== How to complete this task ==
If a line comes after the one containing "Anti-Wrinkle Plain Pocket", leave it out; copy every line before it, and that line too, exactly as written, starting from the first line of the entries.

Data records
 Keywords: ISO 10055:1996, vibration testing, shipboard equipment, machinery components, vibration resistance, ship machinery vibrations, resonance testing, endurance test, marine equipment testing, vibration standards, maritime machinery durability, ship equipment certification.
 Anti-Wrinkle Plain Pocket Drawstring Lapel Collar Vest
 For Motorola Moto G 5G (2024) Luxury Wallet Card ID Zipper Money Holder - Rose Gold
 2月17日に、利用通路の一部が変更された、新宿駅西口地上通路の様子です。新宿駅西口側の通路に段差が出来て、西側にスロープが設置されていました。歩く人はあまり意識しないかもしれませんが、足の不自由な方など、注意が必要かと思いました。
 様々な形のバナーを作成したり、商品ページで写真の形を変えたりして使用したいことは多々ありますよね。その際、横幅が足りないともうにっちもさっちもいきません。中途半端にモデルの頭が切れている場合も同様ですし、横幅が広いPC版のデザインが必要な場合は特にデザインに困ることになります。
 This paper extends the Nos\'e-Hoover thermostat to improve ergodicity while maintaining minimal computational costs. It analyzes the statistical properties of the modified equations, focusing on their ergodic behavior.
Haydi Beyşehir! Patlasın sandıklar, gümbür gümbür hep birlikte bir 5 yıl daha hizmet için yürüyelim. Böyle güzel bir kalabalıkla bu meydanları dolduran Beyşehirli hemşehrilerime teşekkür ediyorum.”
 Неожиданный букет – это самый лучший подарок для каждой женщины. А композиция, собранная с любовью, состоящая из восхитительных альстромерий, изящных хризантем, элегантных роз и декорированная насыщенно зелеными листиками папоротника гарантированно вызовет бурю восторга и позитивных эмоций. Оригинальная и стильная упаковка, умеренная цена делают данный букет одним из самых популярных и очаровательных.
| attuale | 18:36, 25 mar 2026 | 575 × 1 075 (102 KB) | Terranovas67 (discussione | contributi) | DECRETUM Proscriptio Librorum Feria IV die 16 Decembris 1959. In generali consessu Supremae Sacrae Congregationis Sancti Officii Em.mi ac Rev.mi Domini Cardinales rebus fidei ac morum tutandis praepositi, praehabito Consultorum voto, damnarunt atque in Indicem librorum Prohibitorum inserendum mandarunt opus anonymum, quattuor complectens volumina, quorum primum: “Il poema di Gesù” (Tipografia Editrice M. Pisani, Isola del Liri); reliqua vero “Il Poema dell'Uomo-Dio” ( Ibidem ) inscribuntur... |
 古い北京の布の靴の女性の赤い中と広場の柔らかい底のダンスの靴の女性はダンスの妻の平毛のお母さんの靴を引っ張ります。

== Worked solution ==
 Keywords: ISO 10055:1996, vibration testing, shipboard equipment, machinery components, vibration resistance, ship machinery vibrations, resonance testing, endurance test, marine equipment testing, vibration standards, maritime machinery durability, ship equipment certification.
 Anti-Wrinkle Plain Pocket Drawstring Lapel Collar Vest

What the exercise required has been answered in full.